== WHAT YOU WILL DO ==
Set down again, exactly and only, the lines from the one that contains "90 Degree Right" through the last line of the records below, both included, but not the pictures.

/---

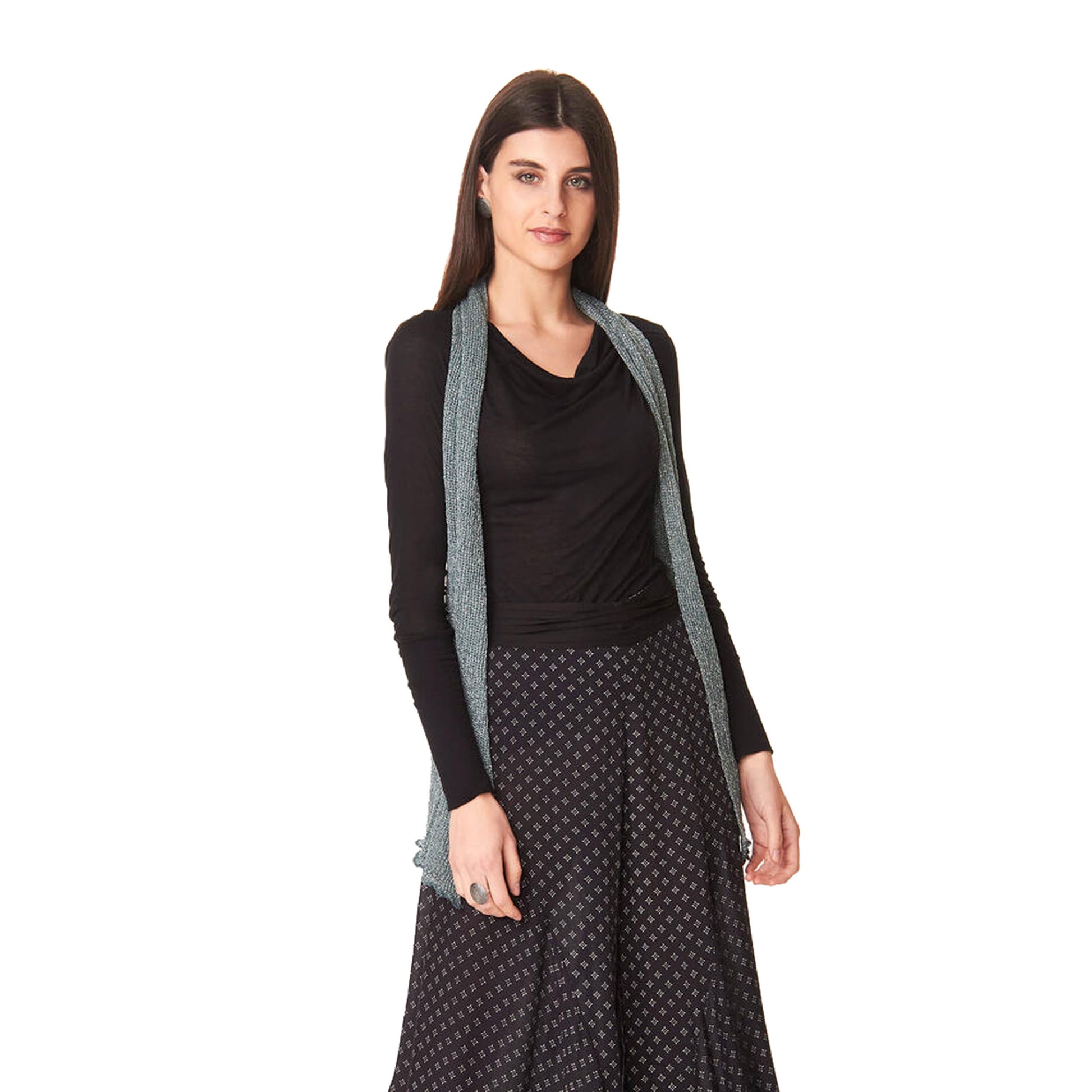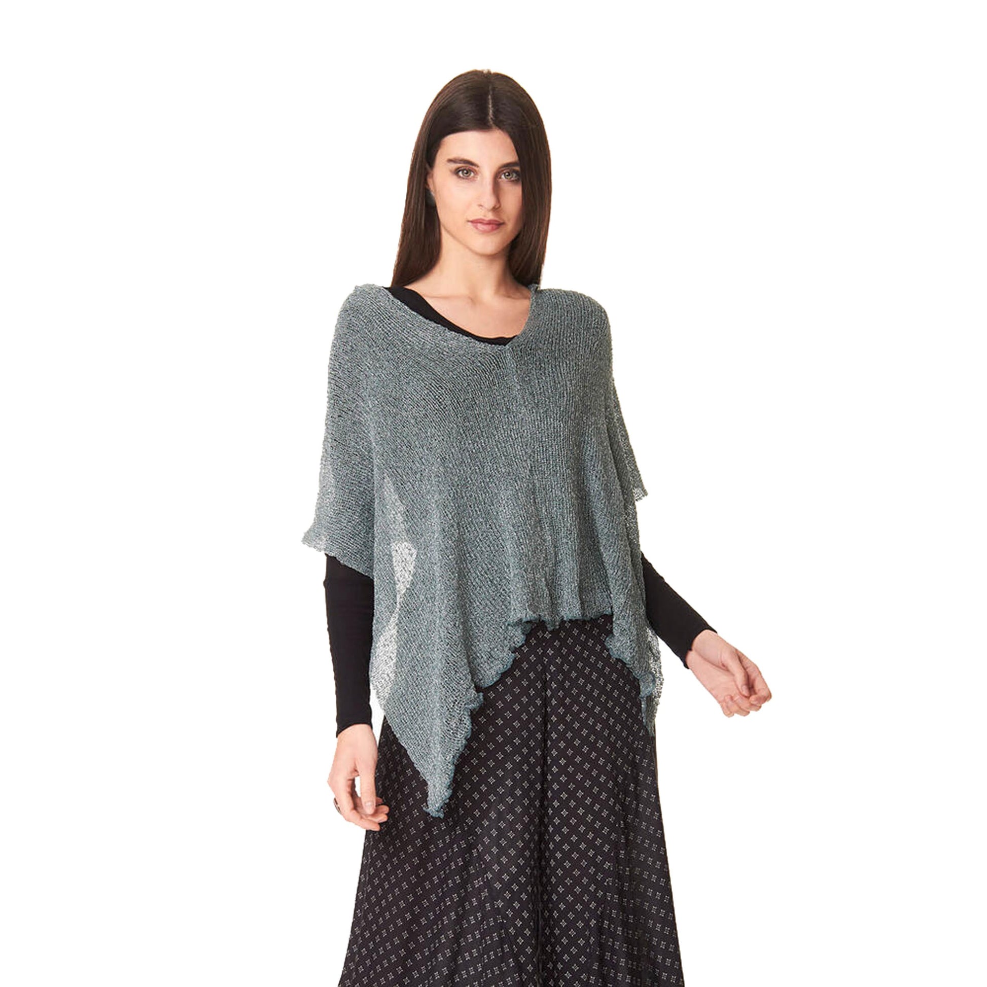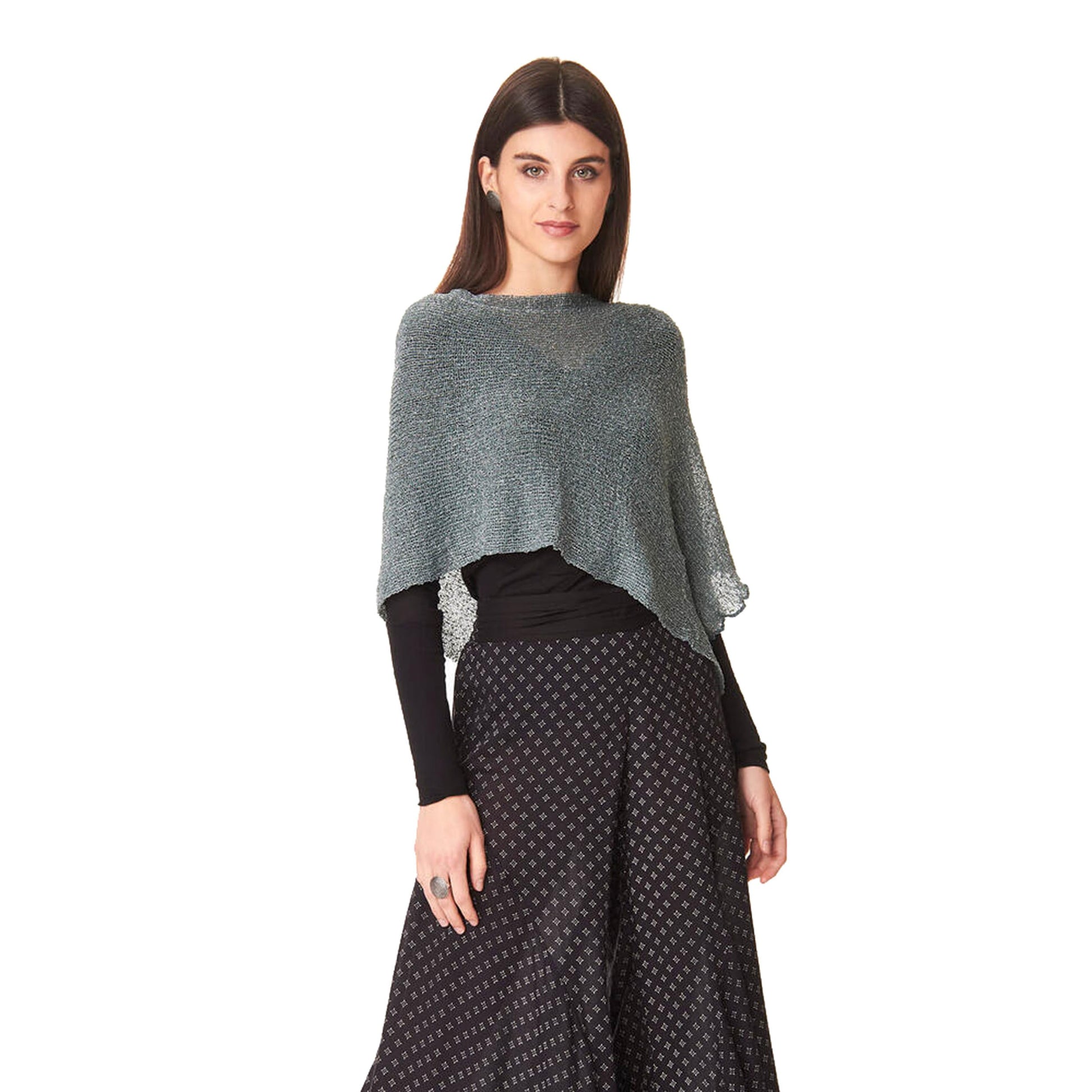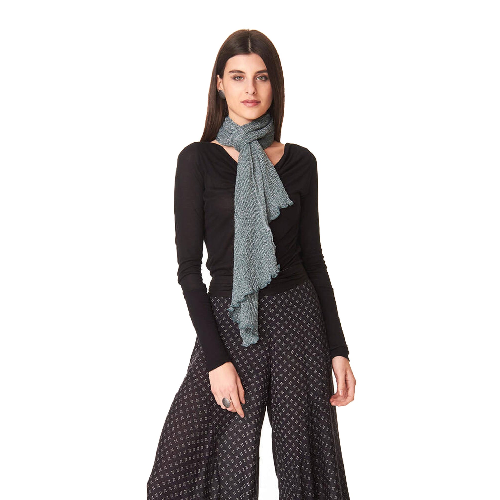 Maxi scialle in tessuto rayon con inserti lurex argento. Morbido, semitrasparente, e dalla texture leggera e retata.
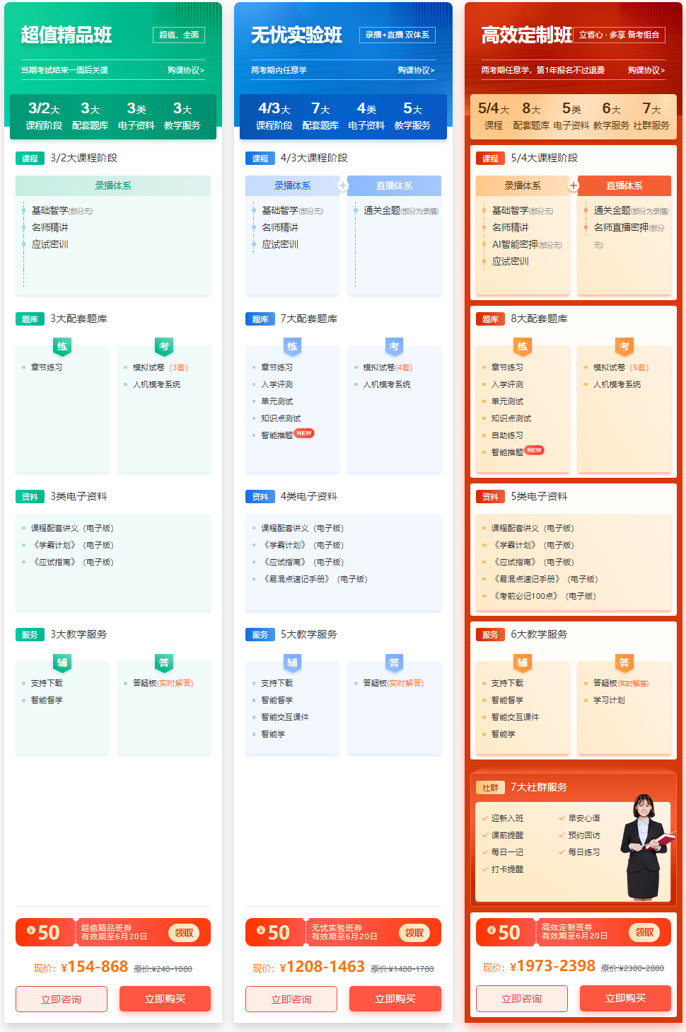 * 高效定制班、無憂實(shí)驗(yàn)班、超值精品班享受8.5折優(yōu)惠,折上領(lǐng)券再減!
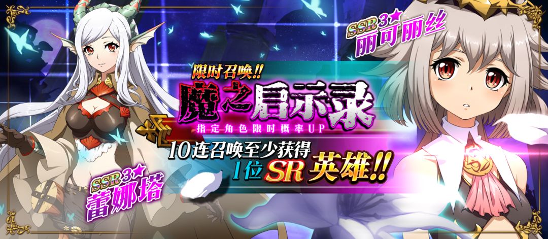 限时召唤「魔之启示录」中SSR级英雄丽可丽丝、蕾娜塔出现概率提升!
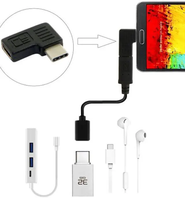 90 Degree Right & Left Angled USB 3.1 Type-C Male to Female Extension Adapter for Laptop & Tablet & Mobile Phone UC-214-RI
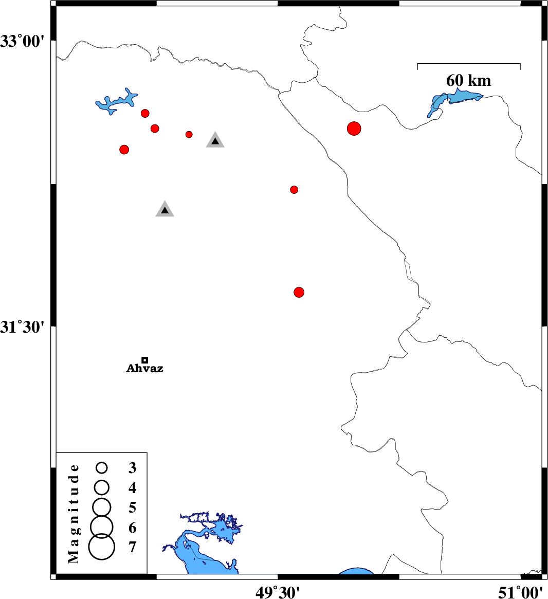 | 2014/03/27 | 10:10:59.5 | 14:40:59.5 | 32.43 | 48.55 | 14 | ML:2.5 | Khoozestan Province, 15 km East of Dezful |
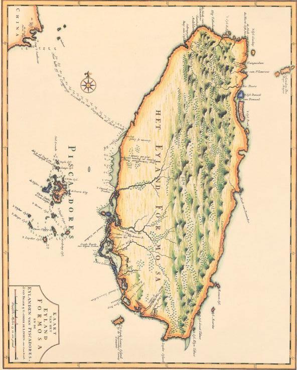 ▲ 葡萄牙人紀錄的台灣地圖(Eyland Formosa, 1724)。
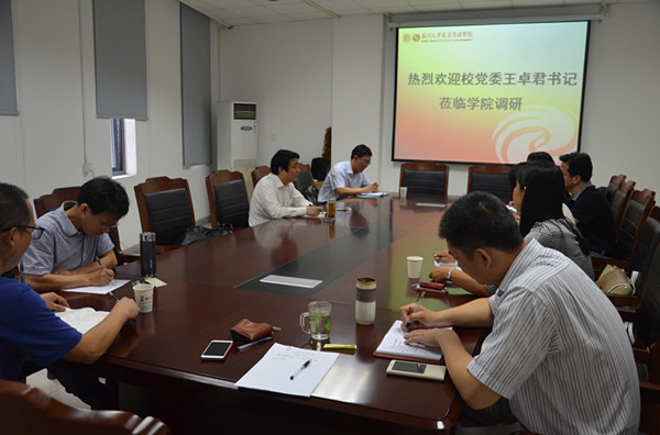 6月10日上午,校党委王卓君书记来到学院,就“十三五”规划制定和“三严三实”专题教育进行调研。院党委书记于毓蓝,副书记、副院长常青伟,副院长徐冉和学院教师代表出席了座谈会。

\---

== EXERCISE SOLUTION ==
 90 Degree Right & Left Angled USB 3.1 Type-C Male to Female Extension Adapter for Laptop & Tablet & Mobile Phone UC-214-RI
 | 2014/03/27 | 10:10:59.5 | 14:40:59.5 | 32.43 | 48.55 | 14 | ML:2.5 | Khoozestan Province, 15 km East of Dezful |
 ▲ 葡萄牙人紀錄的台灣地圖(Eyland Formosa, 1724)。
 6月10日上午,校党委王卓君书记来到学院,就“十三五”规划制定和“三严三实”专题教育进行调研。院党委书记于毓蓝,副书记、副院长常青伟,副院长徐冉和学院教师代表出席了座谈会。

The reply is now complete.